The pregnant patient presents a challenge as there are actually two patients in one- the mother and fetus. However, maternal survival usually is in line with fetal survival. Clinicians must be aware of pregnancy-associated physiologic changes when caring for the pregnant woman.
Numerous changes alter physiology in pregnancy. Due to the implications, few randomized trials are done on pregnant patients. As a result, there is no high-quality evidence. Guidelines are based on the little research available on pregnancy-related resuscitation, clinical consensus, and knowledge of pregnancy physiology.
Clinicians must be aware of a pregnant woman’s pregnancy-associated physiologic changes.
Luckily cardiac emergency in pregnancy is rare.
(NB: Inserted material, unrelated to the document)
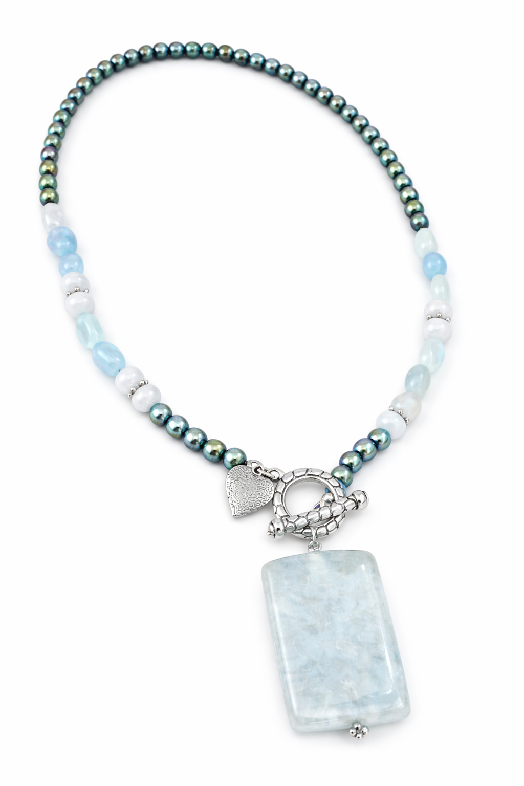Hand-strung aqua agate beads flow into rich blue hematite accents, creating a subtle shimmer reminiscent of sunlight dancing on waves. The front toggle clasp adds both ease and elegance, while the heart charm offers a meaningful touch — a reminder that even the deepest waters carry light within them.

Cardiac arrest in pregnancy occurs in 1 of 12000 delivery admissions; however, the deaths associated with cardiac arrest does appear to be increasing from 7.2 to 17.8 in 100,000 deliveries between 1987 and 2009.
There are certain important physiological changes during pregnancy that can affect resuscitation efforts.
Always be conscious of the fetus as a patient. At 20 weeks gestation, the fetal size can adversely affect resuscitation effects. The fetus becomes potentially viable outside the womb at 23 weeks gestation.
Cesarean section reverses aortic compression and aid efforts at resuscitation, so in the second half of pregnancy, it may be considered in resuscitation efforts. The little research done shows that over half of women will have ROSC following the cesarean section, and there was no associated worsening in maternal status. However, due to the heterogeneity of cases, the preferred timing for this treatment. Maternal survival is documented as much as 15 minutes following arrest. In comparison, neonatal survival is documented as much as 30 minutes following arrest.
There are several causes of pregnancy-associated arrest. The most common underlying etiology is heart disease, and the deaths associated with the cause have been increasing. The most common cardiac concerns are sudden death syndrome, acute MI, cardiomyopathy, and aortic dissection. Importantly there is also a risk in the postpartum period in patients with underlying cardiac disease.